DROPLET SELECTION MECHANISM

Abstract

A method and droplet selection device are provided for a continuous printer for selectively ejecting a second droplet and to have it collided with a predefined first droplet. In particular, the device comprises a first droplet ejection system arranged to generate a continuous stream of first droplets from a fluid jetted out of an outlet channel; and a second droplet ejection system arranged to generate second droplets for colliding the second droplets into the first droplets so as to selectively deflect the first droplets from a predefined printing trajectory. The second droplet ejection system comprises a control circuit to selectively eject the second droplet and to have it collided with a predefined first droplet.

Description

The invention relates to a droplet selection device for a continuous printing system. In this connection, by a continuous jet printing technique is meant the continuous generation of drops which can be utilized selectively for the purpose of a predetermined printing process. The supply of drops takes place continuously, in contrast to the so-called drop-on-demand technique whereby drops are generated according to the predetermined printing process.

A known apparatus is described, for instance, in U.S. Pat. No. 4,341,310. This document discloses a so-called continuous jet printer for printing materials using a first droplet ejection system arranged to generate a continuous stream of first droplets from a fluid jetted out of an outlet channel. During the exit of the fluid through an outlet channel, a pressure regulating mechanism provides, with a predetermined regularity, variations in the pressure of the viscous fluid adjacent the outflow opening. This leads to the occurrence of a disturbance in the fluid jet flowing out of the outflow opening. This disturbance leads to a constriction of the jet which in turn leads to a breaking up of the jet into drops. This yields a continuous flow of egressive drops with a uniform distribution of properties such as dimensions of the drops.

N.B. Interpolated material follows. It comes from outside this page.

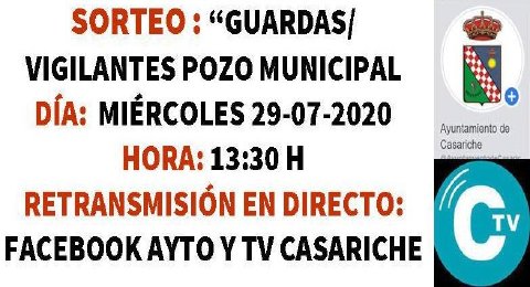 Este miércoles 29 de Julio, a las 13:30 h, se va a realizar el sorteo para “Guardas/Vigilantes para pozo municipal».

The publication further discloses a second droplet ejection system arranged to generate second droplets for colliding the second droplets into the first droplets so as to selectively deflect the first droplets from a predefined printing trajectory. The second droplet ejection system is of a continuous nature and uses polar fluids to deflect a second stream of droplets into the continuous stream of the first droplet ejection system.

In one aspect, the invention aims to provide an alternative to the continuous droplet ejection system that is used to deflect the continuous stream of the first droplets. In another aspect, the invention aims to provide an alternative to a deflection mechanism using polar fluids.

According to an aspect of the invention, a droplet collision device is provided comprising a first droplet ejection system arranged to generate a continuous stream of first droplets from a fluid jet ejected out of an outlet channel; and a second droplet ejection system arranged to eject second droplets for colliding the second droplets into the first droplets, the second droplet ejection system comprises a control circuit to selectively eject the second droplet and to have it collided with a predefined first droplet.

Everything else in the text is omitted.